“This is the sixth day of my participation in the Gwen Challenge in November. Check out the details: The Last Gwen Challenge in 2021.”

When it comes to dimension reduction, the first thing that comes to mind is PCA, encoder, decoder and word vector. However, today we may not talk about some specific methods of dimension reduction, but stand at a certain height to look at dimension reduction.

In fact, when we do classification problems, we usually use the concept of distance, why do we reduce the dimension? Usually, our data are high-dimensional data, and in the high-dimensional space, our data are sparse.

Dimension Even if the dimension characteristic 2n2^n2n increases by one dimension, the amount of data grows exponentially

There are many methods of dimensionality reduction in machine learning, but we can roughly divide them into two broad categories,

Matrix Factorization

  • Principal Component Analysis
  • Sparse PCA
  • Linear Autoencoder
  • Latent Dirichlet Allocation
  • Non-negative Matrix Factorization
  • Generalised Low Rank Models
  • Word2Vec
  • GloVe
  • Probalistic PCA

Matrix factorization actually refers to this broad class of techniques, from topic modeling to Word2Vec, plain OLD PCA, and various other probabilistic techniques, covering a large number of algorithms based on a very simple framework of basic single matrix factorization.

Ok, matrix factorization goal is, we are thinking of a matrix expression to the product of two small matrix approximation, this is what we want to do, so in terms of dimension reduction, blue matrix is their data, also is that we get the source data, each line is a sample of each column is a feature, we want to turn it into a multiplied by some prototype said.

Blue Data Data rows are samples, and columns are characteristics of samples, which can be decomposed into representations multiplied by archetypes.

You can think of this representation as a low-dimensional representation, and archetypes is a basic form that you use to reconstruct raw data,

A single row of data represents a single sample, and each sample has a corresponding representation, which is multiplied by the entire prototype matrix. Representations can be reduced to higher dimensional space by multiplying representations by prototypes to get samples.

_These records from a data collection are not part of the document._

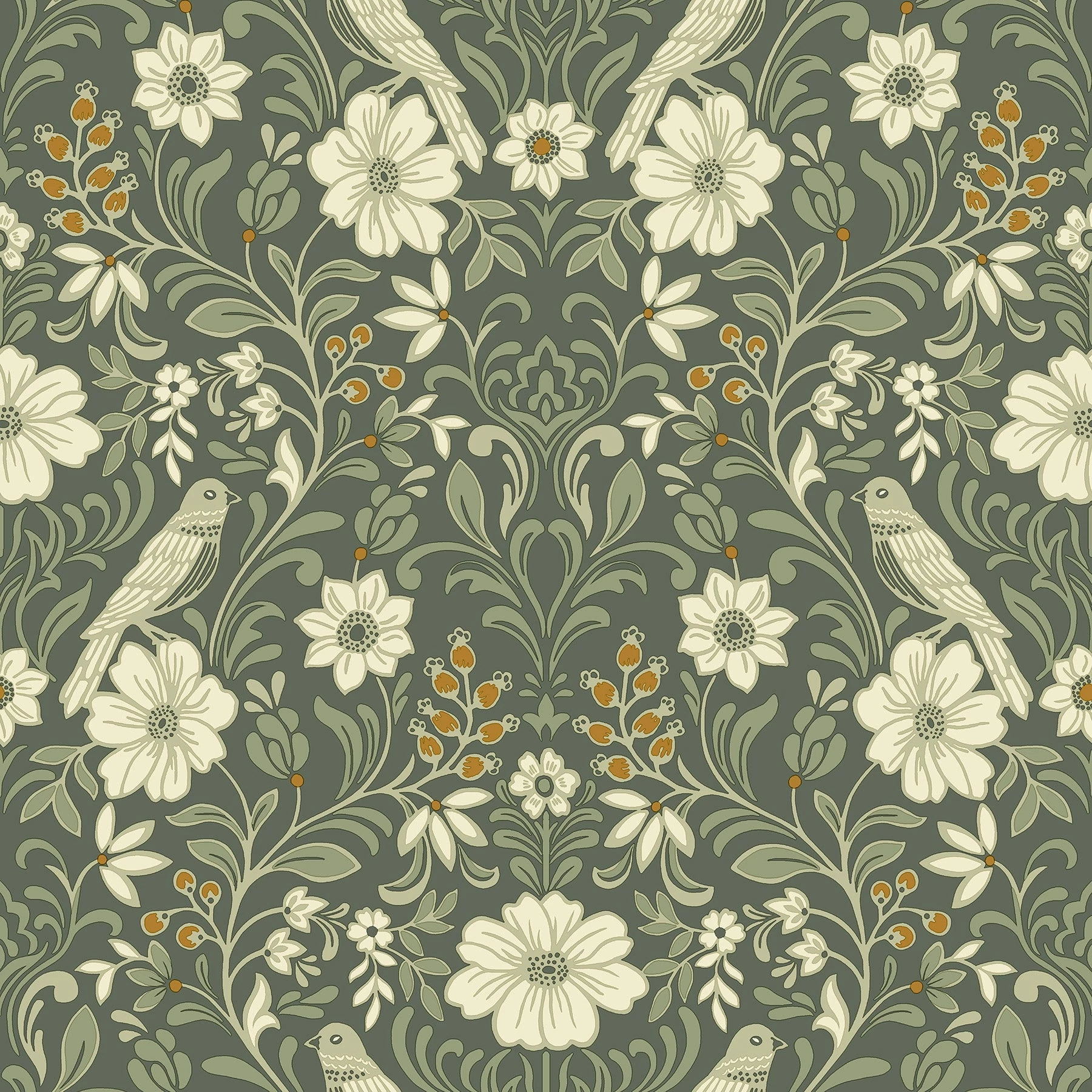 A verebek virágzó bimbókon ülnek gazdag indák és érett bogyók között ebben a bájos erdei damaszt tapétában. Krém, zsálya és terrakotta részletekkel, örökzöld háttér előtt.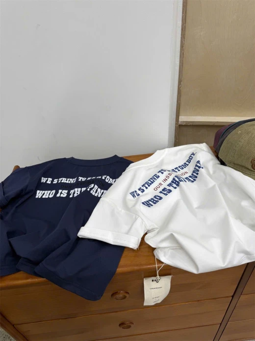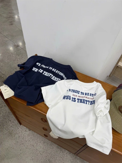#0603gc25 ÁO PHÔNG CHỮ CỘC TAY BT Hàng nhà này về đẹp lắm nha ce Cứ về lô áo phông nào là hết lô đấy nay em lại về lô mới phục vụ các bé đây ạ 2 màu: trắng, xanh sz 100-150 🌸 giá 114k 🐬 chốt 6/3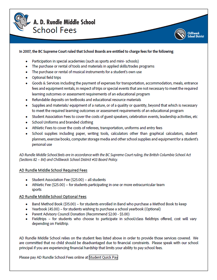 Click the link below to read how to use Student QuickPay to pay for your child's Student Fees, Field Trip Forms, Purchase optional items, etc.
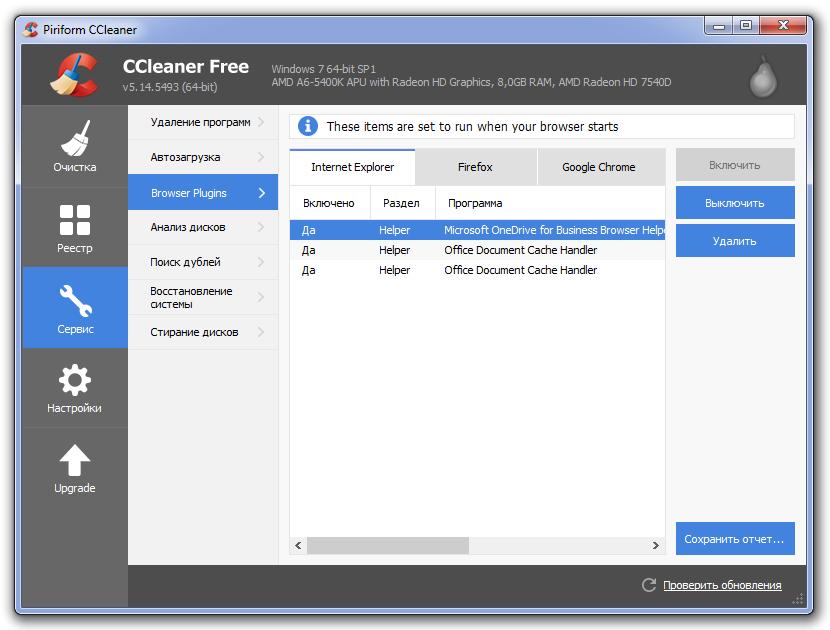 Еще одним важным моментом в восстановлении работоспособности Internet Explorer является отключение различных вредоносных плагинов в Интернет браузере. Поэтому прежде чем прибегать к переустановке Интернет браузера, вы можете воспользоваться отключением ненужных надстроек браузера. Чтобы не копаться в настройках Интернет Эксплорера, можно воспользоваться утилитой CCleaner, с помощью которой вы быстро можете отключить или удалить плагины.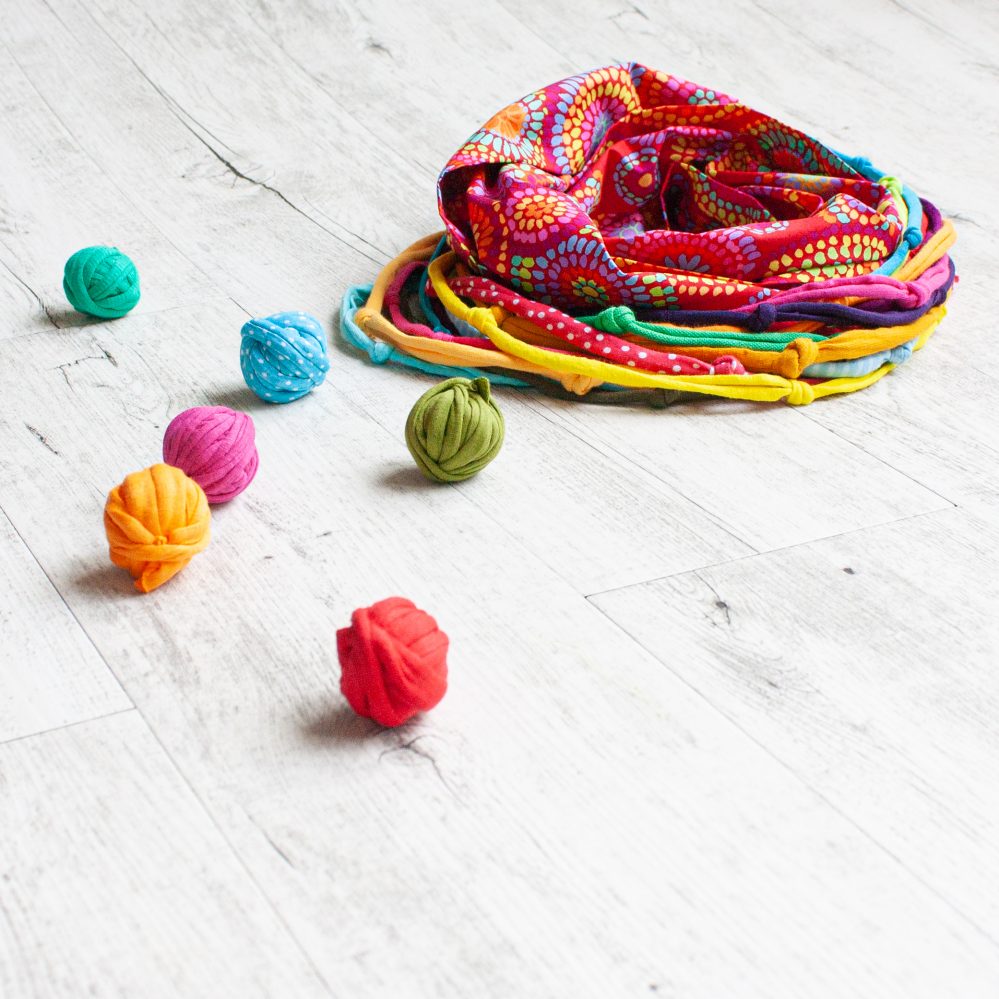 Než ho na krk dáte, vrstvy látky prsty oddělte a načechrejte. Dejte kolem krku a ještě jednou omotejte. Špagátky si upravte tak, jak chcete. Je na vás, jak moc je ukážete.

The samples are decomposed into linear combinations of prototypes, and the presentation is the low-dimensional representation. The data is represented as the combination of these prototypes, which is matrix decomposition

Neighbour Graphs

  • Laplacian Eigenmaps
  • Spectral Embedding
  • Hessian Eigenmaps
  • Local Tangent Space Alignment
  • JSE
  • Isomap
  • t-SNE
  • Locally Linear Embedding
  • LargeVis

For building a graph from the data and then embedding the graph in a low-dimensional space, all the details are how to build the graph and how to lay it out.

The focus is on core intuition and core ideas, not the nuts and bolts of how these algorithms work.

The geometric angles

Figure A shows that the area of A circle cut inside A square with sides of length 1 can be represented as π0.52\ PI 0.5^2π0.52. The volume of A sphere cut inside A cube is 43π0.53\frac{4}{3} \ PI 0.5^334π0.53

In a higher dimensional space, the sphere inscribed to a higher dimensional side of length 1 is kπ0.5Dk \ PI 0.5^Dkπ0.5D D is a higher dimensional space, and when D is large enough, the volume of the sphere inscribed to a higher dimension approaches 0.

In high-dimensional space, our cognition in low-latitude space is sometimes broken. In high-dimensional space, sphere samples are all distributed on the edge, resulting in data sparsity, which is not only sparse but also uneven.